Date: December 6-12 ( 6 days)
Finish: Cumbres de Sinforosa
Distance: 130.5 miles (210 km)
Daily Average: 21.7 miles (35 km)
Total Distance: 381 miles (613 km)
The Highs and Lows of the CCT
We reached the fog shrouded village of El Realito on the morning of December 8. Our original plan had been to follow the Rio Verde for 3 or 4 days and then climb out of the Sinforosa Canyon to our finishing point at los Cumbres. Mother Nature had other ideas.
Rivers were still running high. After studying our maps and consulting with a welcoming local family over coffee and freshly made tamales, we made the decision to climb 5000 ft out via a side canyon.
We then skirted the northern rim of the Sinforosa before dropping back in via another canyon known locally as “El Pajarito“. Our point of descent put us above the confluence of the Rio Verde and the Rio de los Loera. This equated to lower water volume and easier fording opportunities.
During the aforementioned detour we had an unavoidable four hour road walk. Halfway along this section we happened upon a couple of pounds of marijuana lying scattered along a 15 ft stretch of highway. A little surreal; it’s not every day that you see thousands of dollars worth of drugs lying randomly on the side of a road. It proved to be a sign of things to come.
Post-Harvest in the Sinforosa
The final two days of the CCT were mostly spent tip-toeing our way through a number of well tended “agricultural” plots. The crops of choice were marijuana and poppies. Thankfully harvest season had recently finished, so the only people manning the fields were cheerful campesinos who were apparently more than happy to help us out with any and all directional queries.
None of them could remember seeing a foreigner in these parts for many a year. Not sure we would have encountered the same warm fuzzy greeting if we had arrived a month earlier when the crops were being taken to market.
Timing is everything in the Copper Canyon.

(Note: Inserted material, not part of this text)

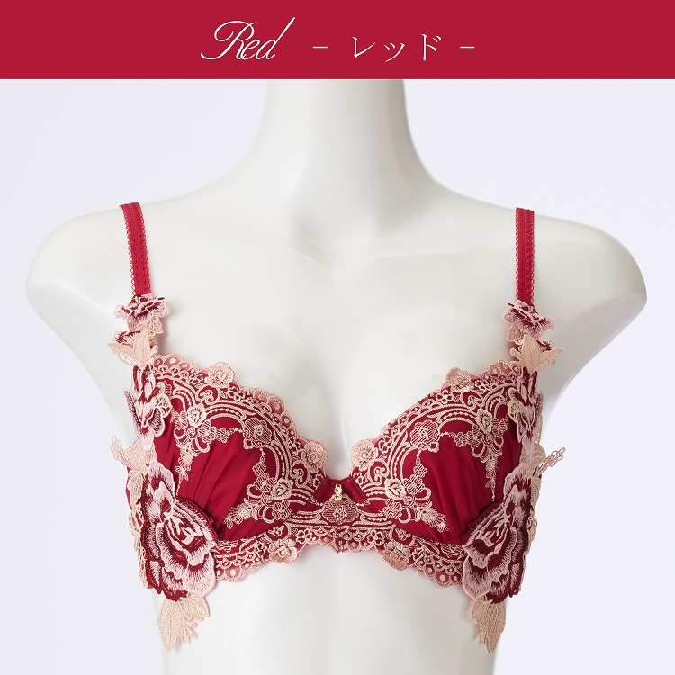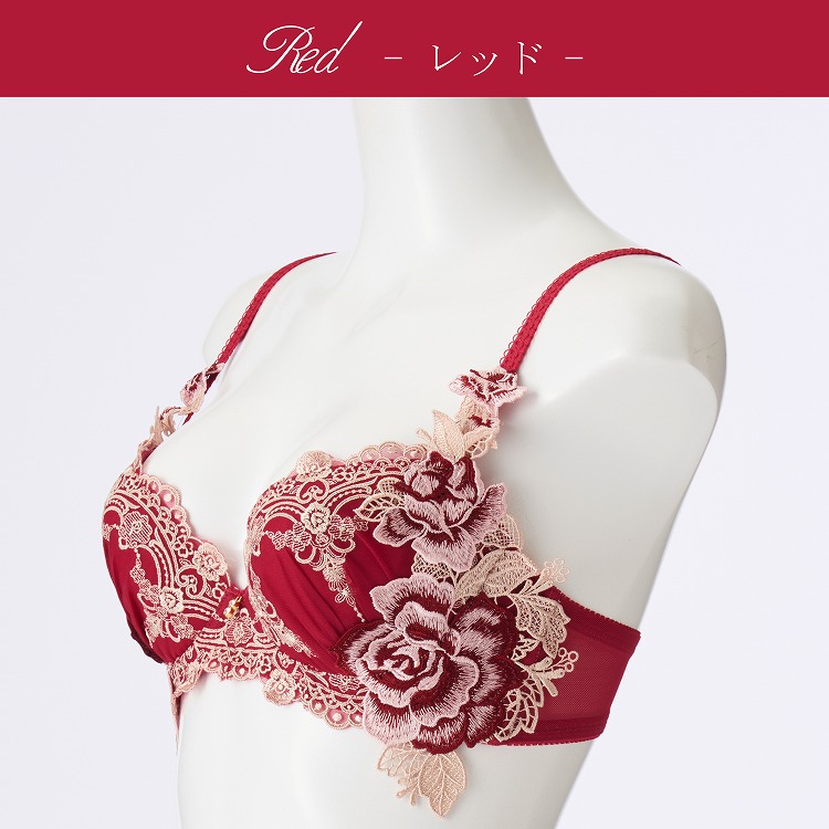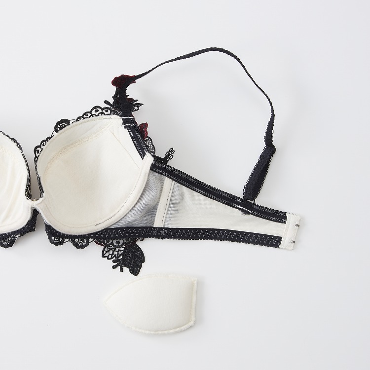 ・こっくりした大人カラーに映える刺繍が目を惹くシリーズ。カラーによって雰囲気が変わるルージュのような煌めきに溢れた商品となっております。 ・2列3段階式になっています ・ストラップは付け替え不可 ・パッドはレモン型、取り外し可能なタイプです。 |

“Hey Bear”: Copper Canyon Remix
In order not to surprise anyone whilst walking through the drug fields, Justin and I regularly called out “Hola, que tal” or “Buenos dias/tardes.” For all intensive purposes, it was the Copper Canyon equivalent of repeating “Hey Bear”, a mantra commonly heard amongst hikers in grizzly or black bear country in the United States and Canada.
The Decline of a Running Culture
The CCT represented my fifth hiking trip in the Copper Canyon region since 1995. One of the biggest changes I have noticed in those 18 years has been the construction of dirt roads (often funded by drug, mining and logging interests) into areas that had hitherto been accessible only by foot.
Such “progress” is a double edged sword. On the one hand, easier access means that numerous communities now have running water, electricity and the other commodities that people in western countries have long taken for granted. On the flip side, the changes have also acted as a catalyst to many Raramuri leaving behind their traditional lifestyle, in search of employment opportunities in towns and cities that have now become more accessible.
This combination of roads and urban migration has inevitably lead to a decline in the Raramuri’s long distance running culture.
In the remoter corners of the Copper Canyon, many homesteads have been abandoned and certain paths that I remember hiking back in the 1990’s and early 2000’s are now completely overgrown due to lack of use. In the more populous zones, roads have often taken the place of trails. Whereas in times past people had no other option but to go on foot to the nearest village or town in order to purchase supplies, now they can hop into the back of a pickup truck and be there in a fraction of the time.
Simply put, the necessity to run and walk long distances is no longer what it was for the Raramuri.
We arrived at the Cumbres de Sinforosa on the morning of December 12. The views over the canyon we had just climbed out of were amazing. I couldn’t imagine a better place to finish our trip.
During the CCT Justin and I covered close to 400 miles. To the best of our knowledge it was the first ever full length traverse of the entire Copper Canyon region. An amazing trip in many ways, but one that ultimately left me with feelings of nostalgia.
Whilst the scenery had been as spectacular as during my first four visits, the relative absence of Raramuri out on the trails had left me with the sense that something had been missing. That the cultural and social shift that I alluded to above, had gained an anthropological head of steam during the past decade, and in some ways had reached the point of no return.
The Copper Canyon is a place that holds many memories for me.
During my journeys to the region I’ve met a multitude of memorable characters, had guns held to my head and come within a proverbial whisker of falling off numerous cliffs. It’s been quite a ride.
But undoubtably the most indelible recollections have been those connected to the Raramuri. They were the primary reason I kept being drawn back to the Copper Canyon. The chance to observe, talk, eat, drink and even hike with them.
I have never encountered a people to match them for their ability to cover ultra-long distances on foot. Not in the Himalayas, Andes, Pyrenees, Lapland, Atlas mountains or any other region known for the endurance of its native inhabitants. For a guy who loves to hike and be outdoors as much as I do, I consider myself very fortunate to have had the opportunity to visit and get to know both the region and its people, in a way in which not too many outsiders ever have.